## Data for this exercise
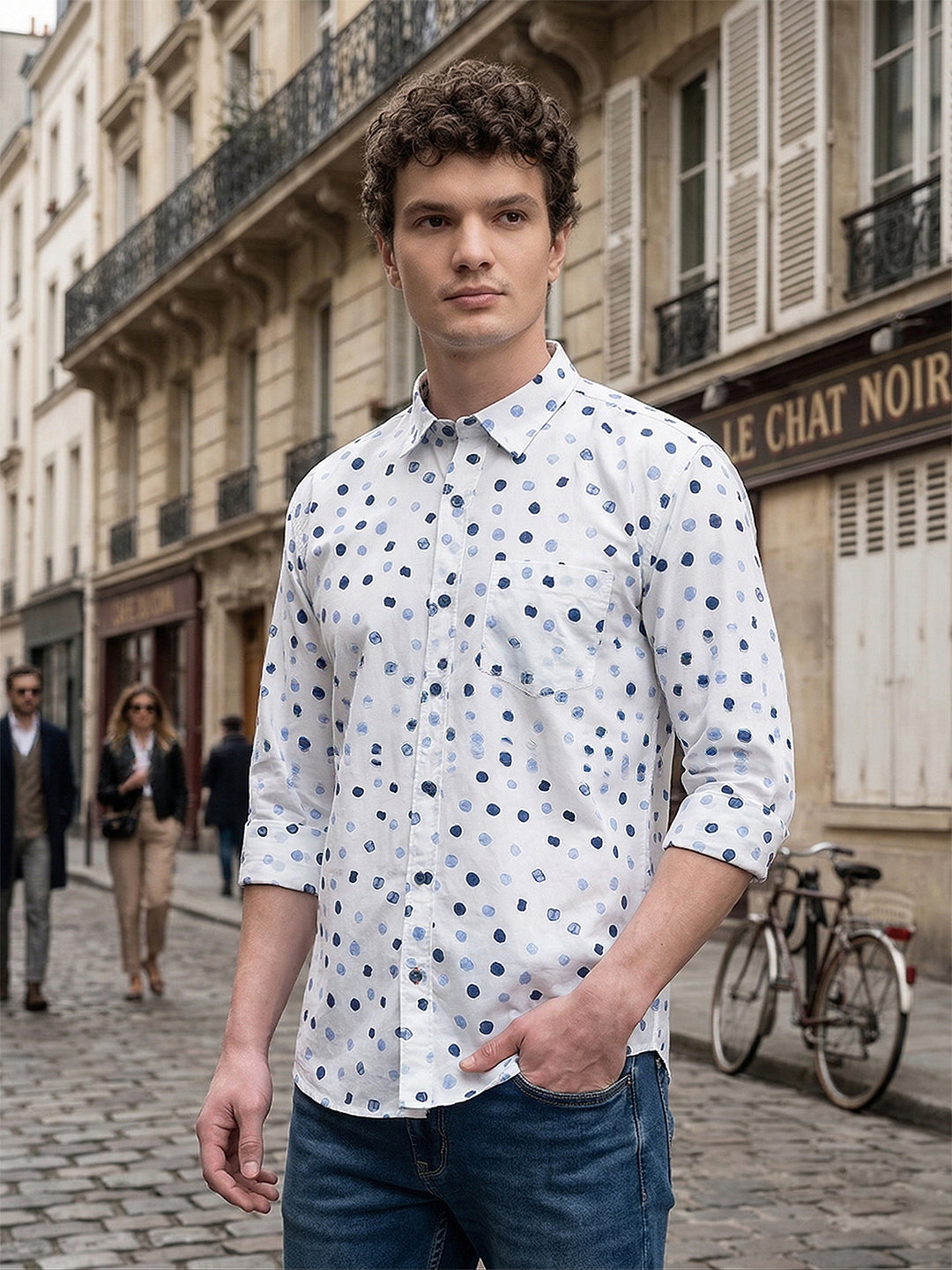 DONLAY WHITE PRINTED SLIM-FIT CASUAL SHIRT
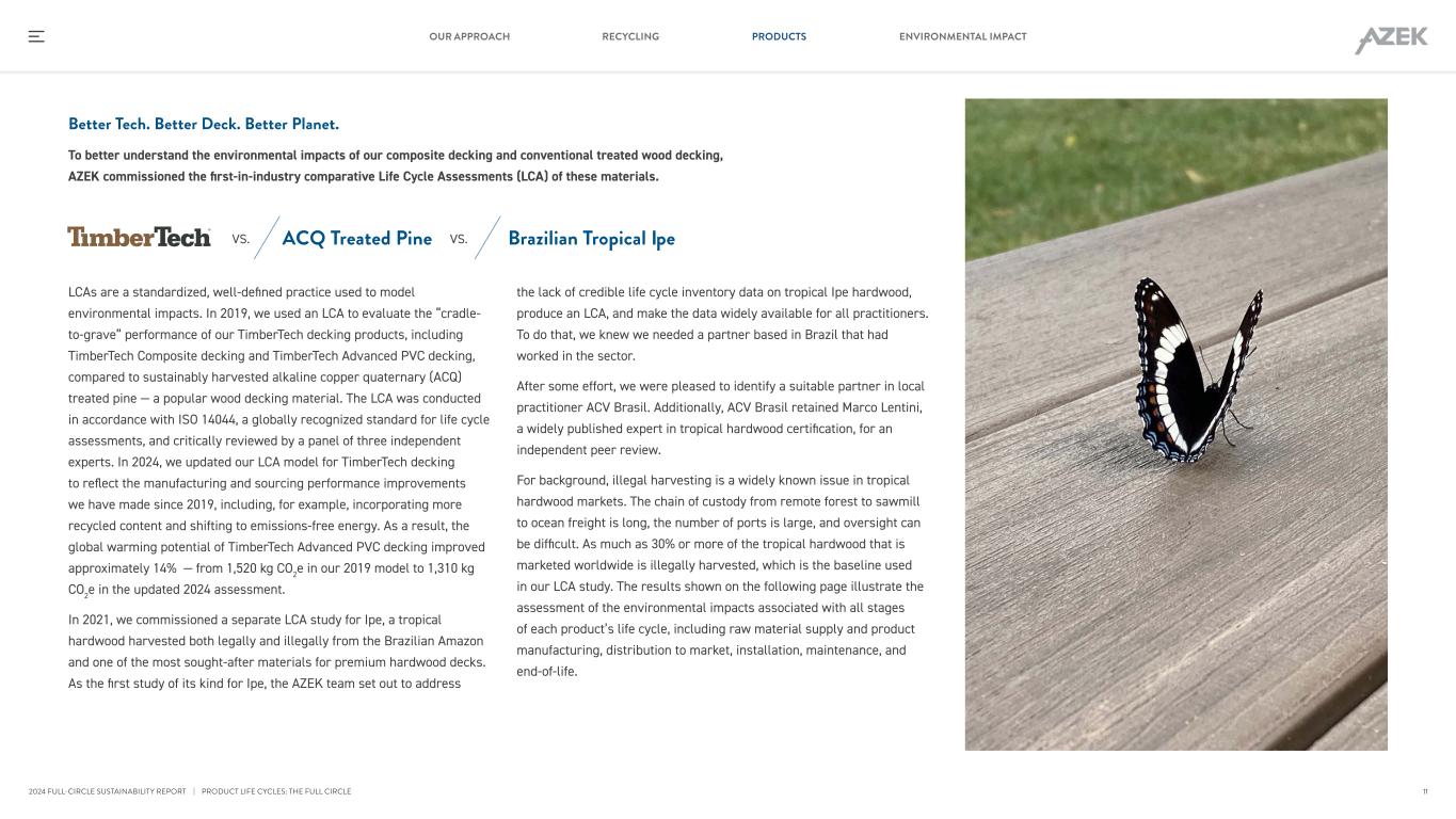 Better Tech. Better Deck. Better Planet. To better understand the environmental impacts of our composite decking and conventional treated wood decking, AZEK commissioned the first-in-industry comparative Life Cycle Assessments (LCA) of these materials. Brazilian Tropical IpeACQ Treated PineVS. VS. LCAs are a standardized, well-defined practice used to model environmental impacts. In 2019, we used an LCA to evaluate the “cradle- to-grave” performance of our TimberTech decking products, including TimberTech Composite decking and TimberTech Advanced PVC decking, compared to sustainably harvested alkaline copper quaternary (ACQ) treated pine — a popular wood decking material. The LCA was conducted in accordance with ISO 14044, a globally recognized standard for life cycle assessments, and critically reviewed by a panel of three independent experts. In 2024, we updated our LCA model for TimberTech decking to reflect the manufacturing and sourcing performance improvements we have made since 2019, including, for example, incorporating more recycled content and shifting to emissions-free energy. As a result, the global warming potential of TimberTech Advanced PVC decking improved approximately 14% — from 1,520 kg CO2e in our 2019 model to 1,310 kg CO2e in the updated 2024 assessment. In 2021, we commissioned a separate LCA study for Ipe, a tropical hardwood harvested both legally and illegally from the Brazilian Amazon and one of the most sought-after materials for premium hardwood decks. As the first study of its kind for Ipe, the AZEK team set out to address the lack of credible life cycle inventory data on tropical Ipe hardwood, produce an LCA, and make the data widely available for all practitioners. To do that, we knew we needed a partner based in Brazil that had worked in the sector. After some effort, we were pleased to identify a suitable partner in local practitioner ACV Brasil. Additionally, ACV Brasil retained Marco Lentini, a widely published expert in tropical hardwood certification, for an independent peer review. For background, illegal harvesting is a widely known issue in tropical hardwood markets. The chain of custody from remote forest to sawmill to ocean freight is long, the number of ports is large, and oversight can be difficult. As much as 30% or more of the tropical hardwood that is marketed worldwide is illegally harvested, which is the baseline used in our LCA study. The results shown on the following page illustrate the assessment of the environmental impacts associated with all stages of each product’s life cycle, including raw material supply and product manufacturing, distribution to market, installation, maintenance, and end-of-life. | PRODUCT LIFE CYCLES: THE FULL CIRCLE 11 RECYCLING PRODUCTS ENVIRONMENTAL IMPACTOUR APPROACH 2024 FULL-CIRCLE SUSTAINABILITY REPORT
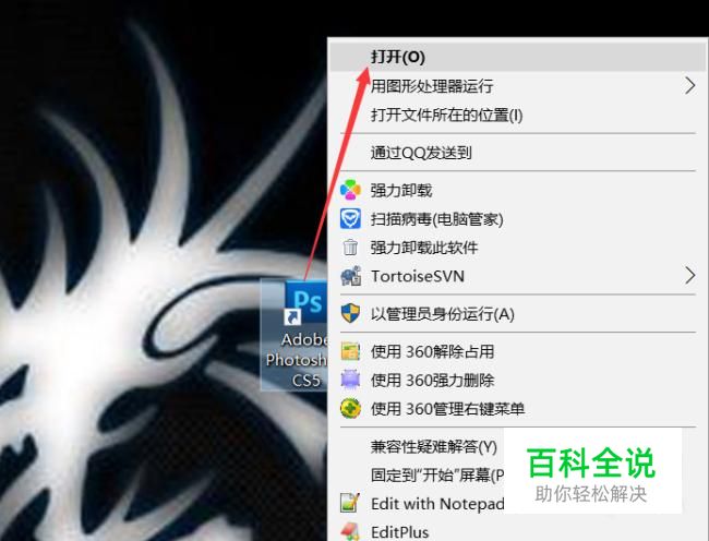 先用手按住【shitf+ctrl+alt】组合键,然后同时右击photoshop,然后点击【打开】,如下图所示。
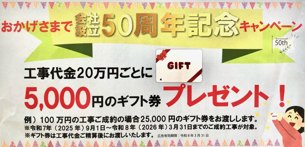 皆様のおかげで弊社は2025年9月に設立50周年を迎えました。 それに際しまして、記念キャンペーンを2026年3月末まで実施しております。 対象工事はリフォーム全般です(新築工事は対象外です) 今後ともどうぞよろしくお願いいたします。
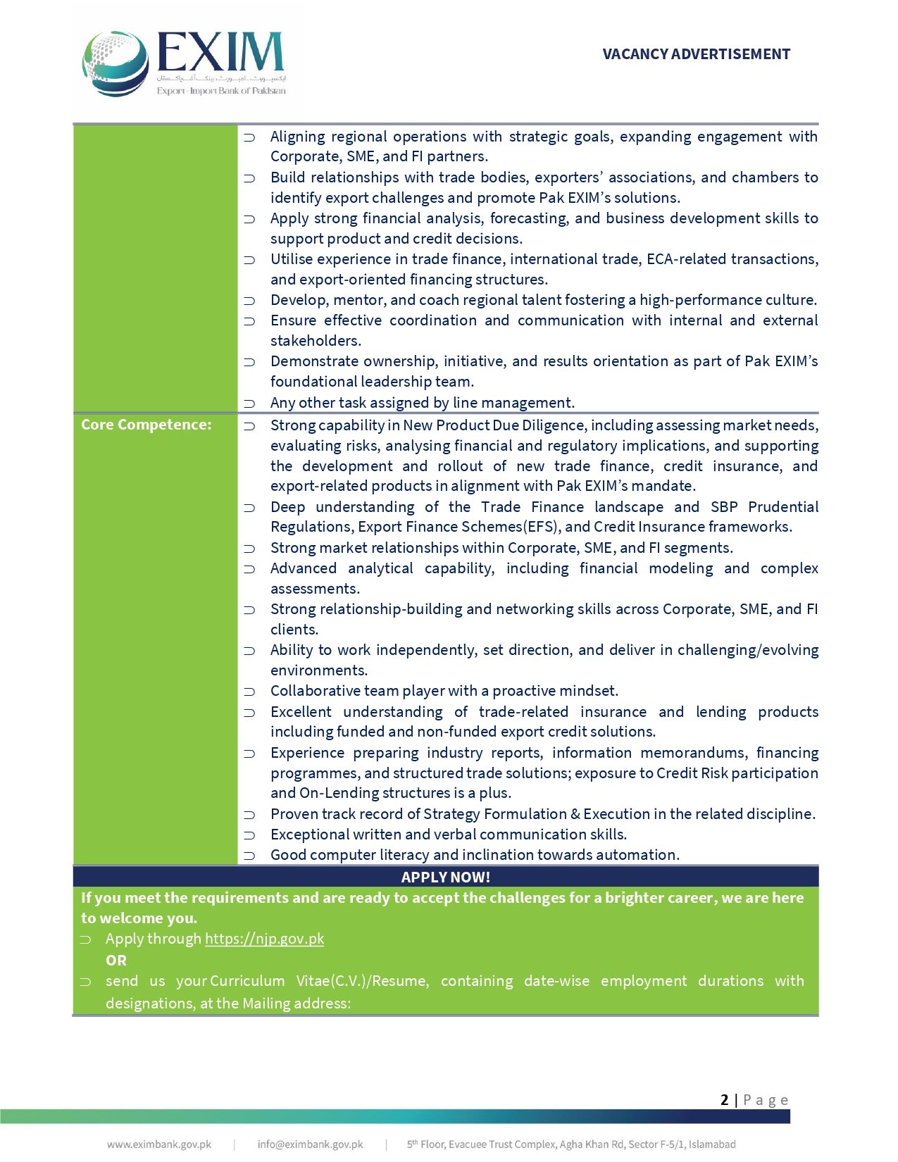 To ensure only the most qualified professionals are selected for the Regional Business Manager role at EXIM Bank of Pakistan, the following criteria have been established:
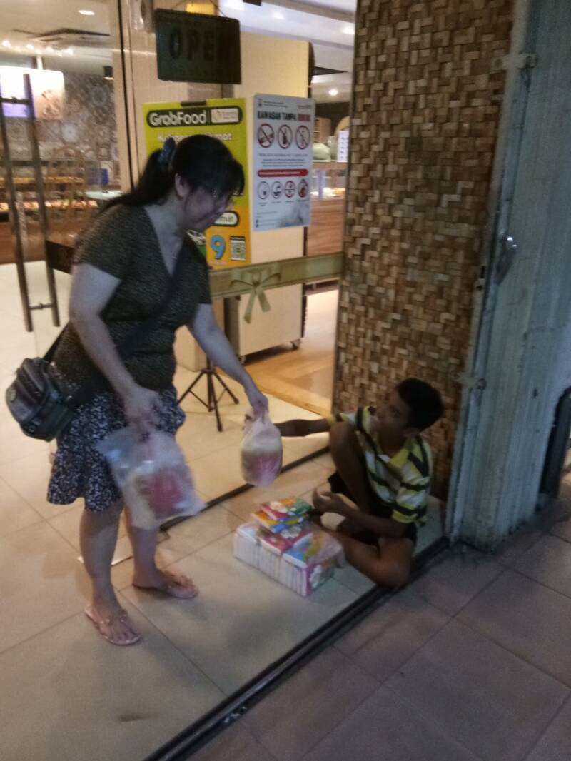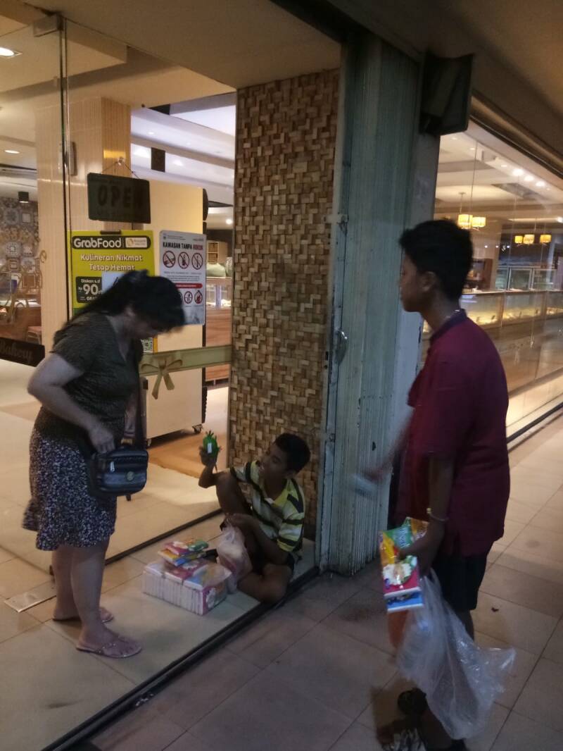 Twee jongens van ongeveer dertien jaar verkochten tissues om wat inkomen te genereren. We gaven hun gevulde broodjes met een flesje water (en een knuffeldier).
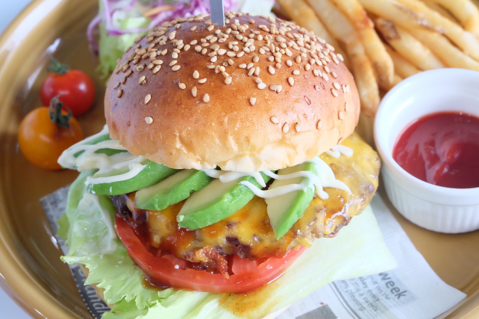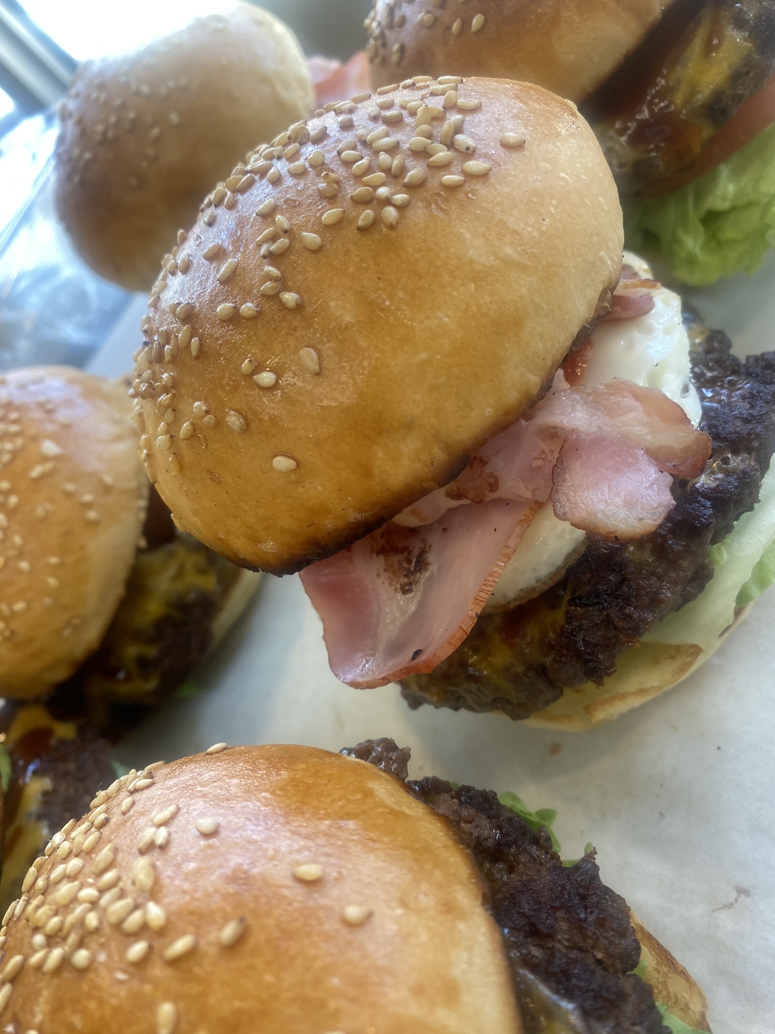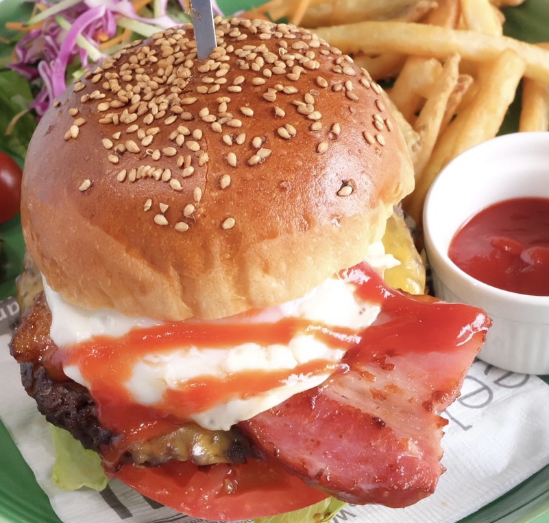 ビーフ100%のジューシーな自家製パテで作ってます!

## Task description
Everything between and including the line above containing "先用手按住【shitf+ct" and the line containing "Twee jongens van" should be reproduced exactly, with pictures excluded.

## Your solution
 先用手按住【shitf+ctrl+alt】组合键,然后同时右击photoshop,然后点击【打开】,如下图所示。
 皆様のおかげで弊社は2025年9月に設立50周年を迎えました。 それに際しまして、記念キャンペーンを2026年3月末まで実施しております。 対象工事はリフォーム全般です(新築工事は対象外です) 今後ともどうぞよろしくお願いいたします。
 To ensure only the most qualified professionals are selected for the Regional Business Manager role at EXIM Bank of Pakistan, the following criteria have been established:
 Twee jongens van ongeveer dertien jaar verkochten tissues om wat inkomen te genereren. We gaven hun gevulde broodjes met een flesje water (en een knuffeldier).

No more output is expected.